- [Task]:
After locating the line with "Aquí, yo he" in the entries below, output it and each following line up to and including the line with "Extra Details: Zip", exactly and without pictures.

- [Supplied data]:
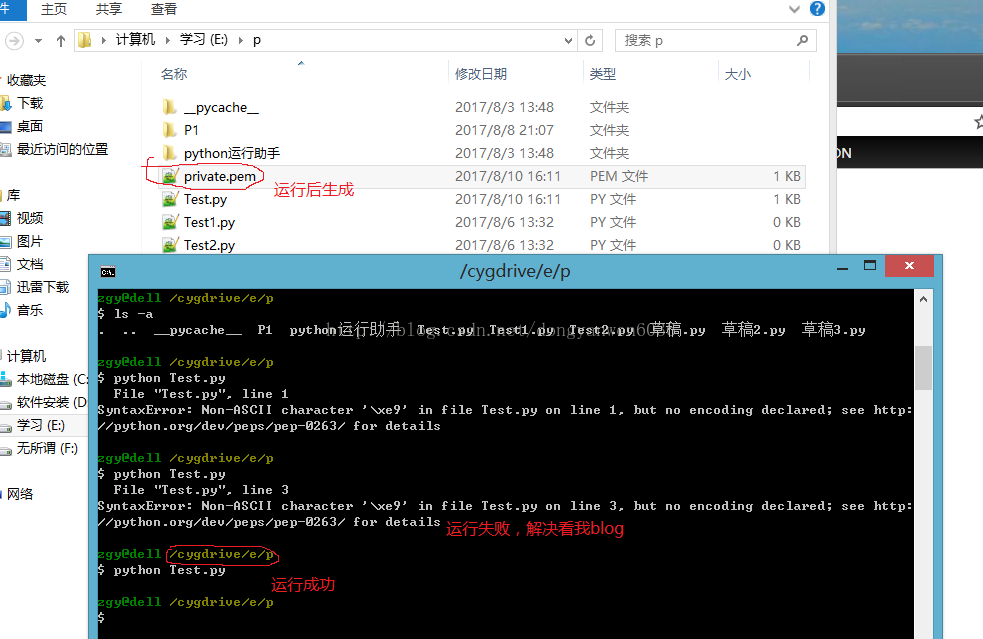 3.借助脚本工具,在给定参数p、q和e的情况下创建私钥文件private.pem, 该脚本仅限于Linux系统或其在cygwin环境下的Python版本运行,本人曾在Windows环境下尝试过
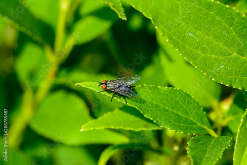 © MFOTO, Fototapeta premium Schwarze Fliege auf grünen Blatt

--

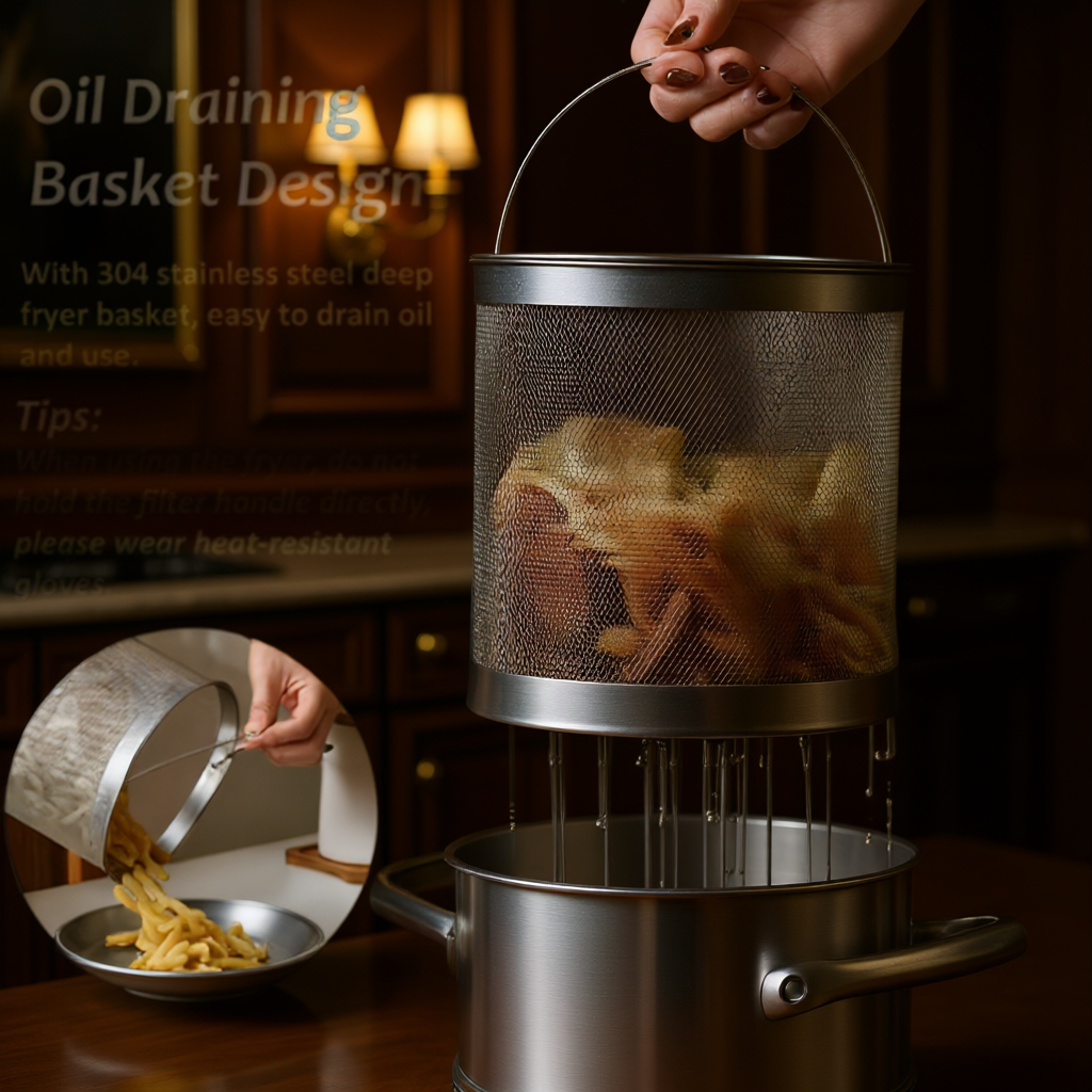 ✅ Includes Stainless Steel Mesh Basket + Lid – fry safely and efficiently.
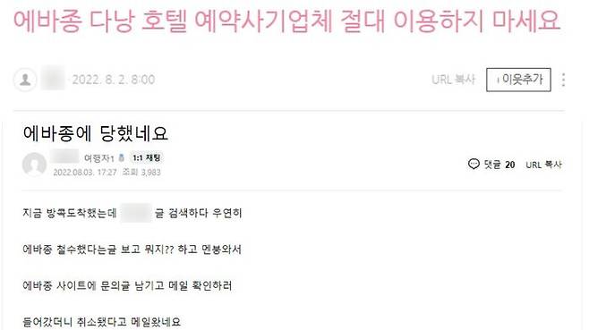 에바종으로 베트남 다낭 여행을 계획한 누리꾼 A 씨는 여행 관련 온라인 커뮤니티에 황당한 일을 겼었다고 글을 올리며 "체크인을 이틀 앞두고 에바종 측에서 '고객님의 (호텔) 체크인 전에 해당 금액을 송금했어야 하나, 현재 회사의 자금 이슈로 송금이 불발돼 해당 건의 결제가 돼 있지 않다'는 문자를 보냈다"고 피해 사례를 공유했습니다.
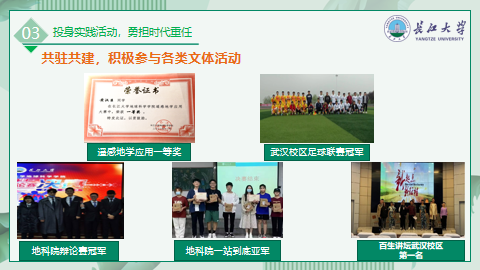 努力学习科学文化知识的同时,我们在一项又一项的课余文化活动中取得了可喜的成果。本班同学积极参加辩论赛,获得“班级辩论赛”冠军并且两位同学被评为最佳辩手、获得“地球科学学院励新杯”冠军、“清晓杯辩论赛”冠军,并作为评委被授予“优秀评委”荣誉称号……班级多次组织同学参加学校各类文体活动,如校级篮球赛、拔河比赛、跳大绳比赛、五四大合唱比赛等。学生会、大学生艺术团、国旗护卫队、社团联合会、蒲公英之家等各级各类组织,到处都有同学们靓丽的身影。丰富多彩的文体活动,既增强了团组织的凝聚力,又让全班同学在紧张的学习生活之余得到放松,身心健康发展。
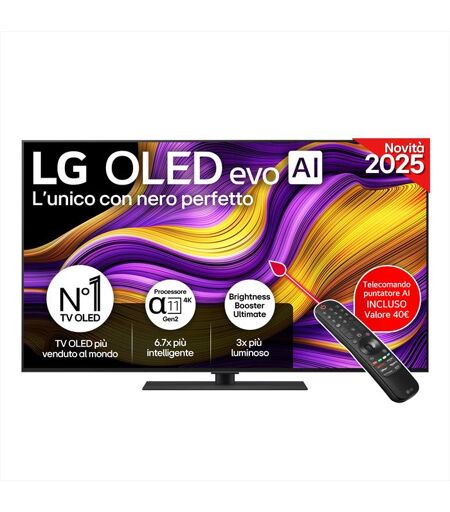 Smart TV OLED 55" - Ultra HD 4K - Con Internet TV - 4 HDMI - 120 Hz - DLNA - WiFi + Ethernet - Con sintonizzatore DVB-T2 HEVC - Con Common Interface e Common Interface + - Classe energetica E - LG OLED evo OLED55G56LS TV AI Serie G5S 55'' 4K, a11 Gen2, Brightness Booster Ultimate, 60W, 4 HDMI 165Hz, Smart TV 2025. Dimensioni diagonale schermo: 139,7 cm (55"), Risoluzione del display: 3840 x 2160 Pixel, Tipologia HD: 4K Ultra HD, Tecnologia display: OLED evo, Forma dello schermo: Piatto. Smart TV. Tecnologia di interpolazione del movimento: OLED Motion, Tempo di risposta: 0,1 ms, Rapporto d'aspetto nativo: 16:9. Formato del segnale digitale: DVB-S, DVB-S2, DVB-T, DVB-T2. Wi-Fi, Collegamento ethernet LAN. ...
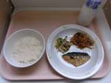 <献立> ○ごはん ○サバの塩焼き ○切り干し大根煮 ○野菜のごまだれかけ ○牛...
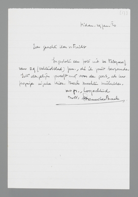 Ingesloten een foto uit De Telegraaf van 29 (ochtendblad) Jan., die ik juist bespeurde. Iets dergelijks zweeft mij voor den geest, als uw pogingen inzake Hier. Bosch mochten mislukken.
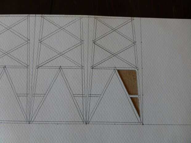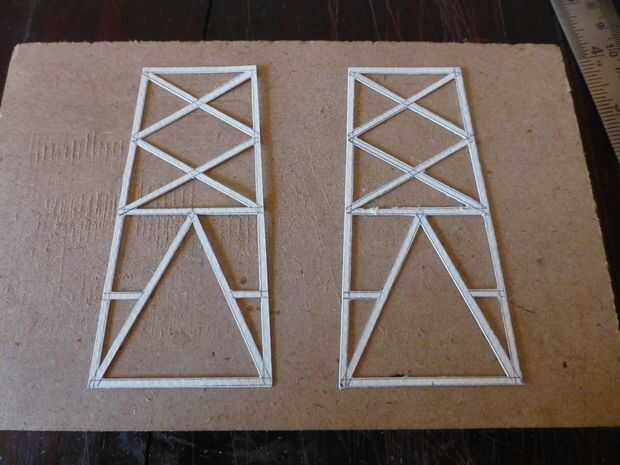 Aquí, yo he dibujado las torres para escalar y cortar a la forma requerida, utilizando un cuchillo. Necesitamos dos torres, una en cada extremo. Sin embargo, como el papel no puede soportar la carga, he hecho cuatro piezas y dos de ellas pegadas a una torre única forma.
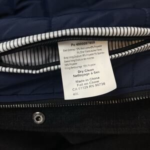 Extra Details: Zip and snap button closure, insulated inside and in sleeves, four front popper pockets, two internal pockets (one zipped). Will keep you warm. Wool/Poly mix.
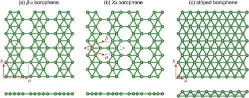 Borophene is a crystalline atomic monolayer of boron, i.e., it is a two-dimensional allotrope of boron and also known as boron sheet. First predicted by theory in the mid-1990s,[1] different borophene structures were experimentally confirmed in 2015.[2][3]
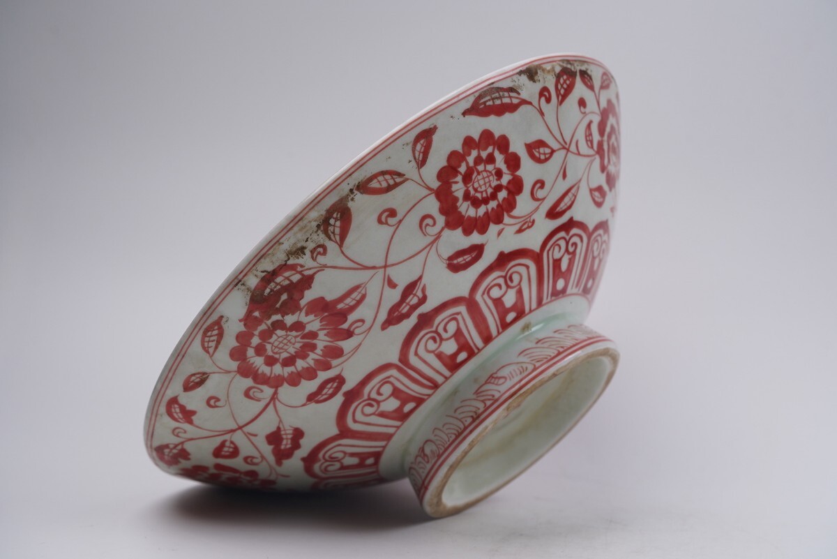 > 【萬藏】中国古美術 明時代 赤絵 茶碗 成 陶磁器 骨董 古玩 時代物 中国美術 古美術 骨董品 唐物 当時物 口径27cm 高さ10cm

* * *

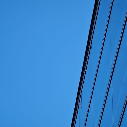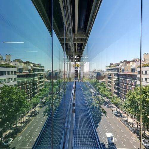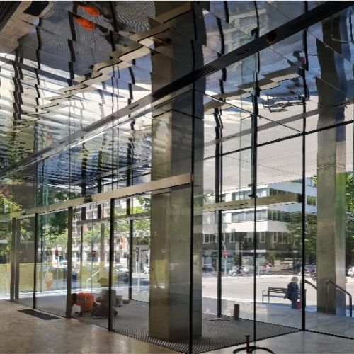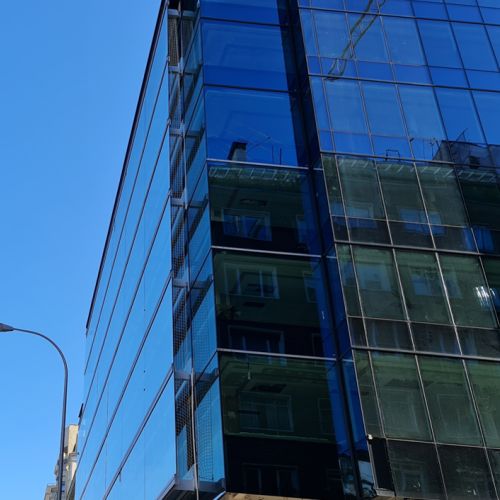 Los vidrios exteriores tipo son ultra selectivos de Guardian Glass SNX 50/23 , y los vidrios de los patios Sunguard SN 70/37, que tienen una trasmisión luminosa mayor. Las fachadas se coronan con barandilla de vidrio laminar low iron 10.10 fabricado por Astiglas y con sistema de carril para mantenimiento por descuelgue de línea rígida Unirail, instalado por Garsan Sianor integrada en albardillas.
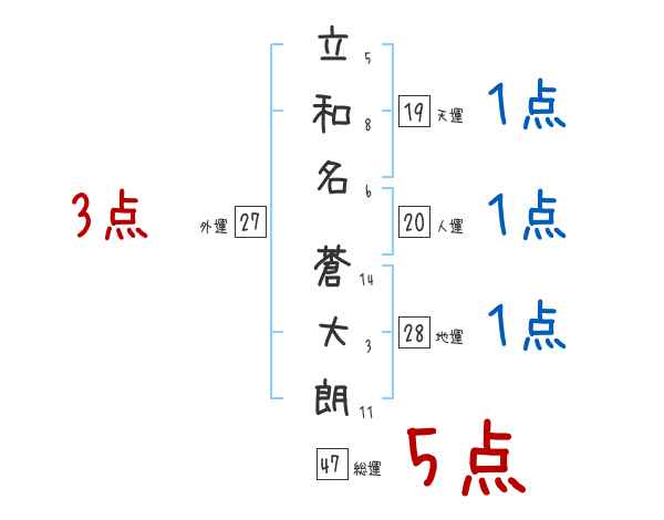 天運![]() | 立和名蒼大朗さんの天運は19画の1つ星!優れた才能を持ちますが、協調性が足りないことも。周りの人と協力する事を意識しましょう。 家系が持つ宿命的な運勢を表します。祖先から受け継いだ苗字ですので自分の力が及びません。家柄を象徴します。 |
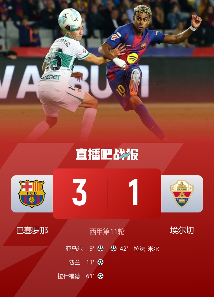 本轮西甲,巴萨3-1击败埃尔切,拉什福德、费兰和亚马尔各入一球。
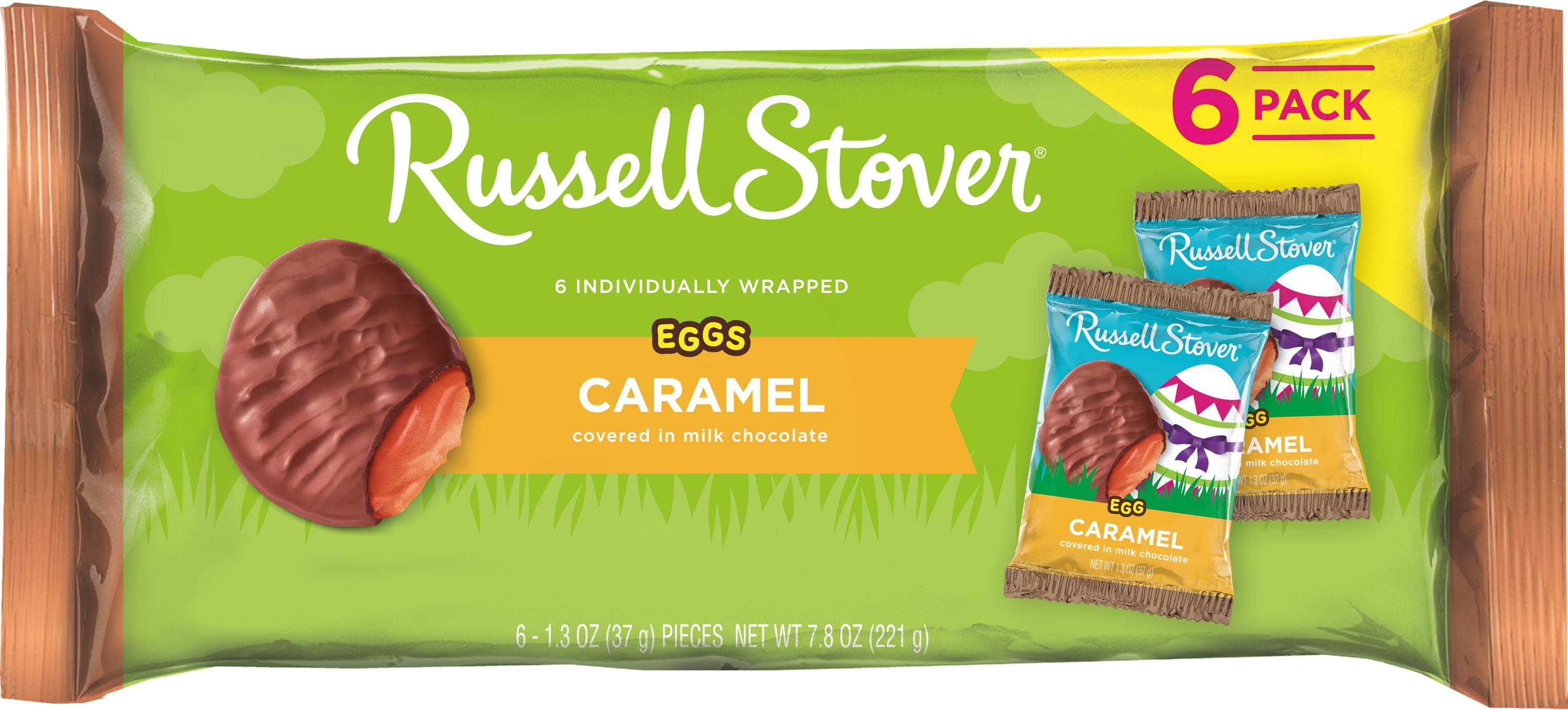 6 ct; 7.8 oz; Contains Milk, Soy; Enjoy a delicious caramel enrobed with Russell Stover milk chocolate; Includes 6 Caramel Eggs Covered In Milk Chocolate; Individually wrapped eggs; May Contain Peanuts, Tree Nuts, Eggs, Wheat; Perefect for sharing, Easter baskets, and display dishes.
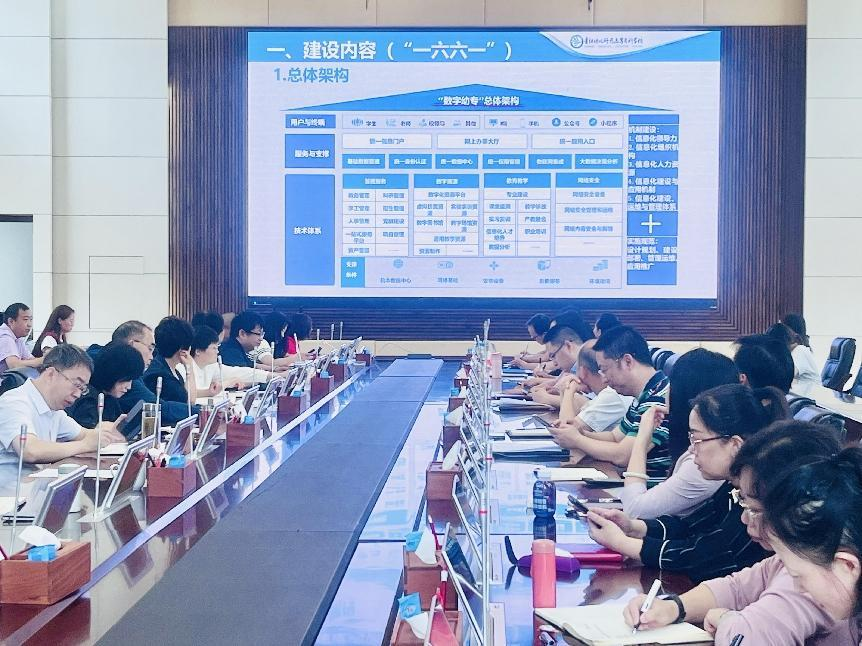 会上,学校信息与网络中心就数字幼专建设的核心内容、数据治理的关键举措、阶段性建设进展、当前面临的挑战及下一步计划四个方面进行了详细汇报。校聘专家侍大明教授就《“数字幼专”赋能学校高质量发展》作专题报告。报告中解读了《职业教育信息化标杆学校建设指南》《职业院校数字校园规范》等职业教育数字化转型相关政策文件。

- [Written solution]:
 Aquí, yo he dibujado las torres para escalar y cortar a la forma requerida, utilizando un cuchillo. Necesitamos dos torres, una en cada extremo. Sin embargo, como el papel no puede soportar la carga, he hecho cuatro piezas y dos de ellas pegadas a una torre única forma.
 Extra Details: Zip and snap button closure, insulated inside and in sleeves, four front popper pockets, two internal pockets (one zipped). Will keep you warm. Wool/Poly mix.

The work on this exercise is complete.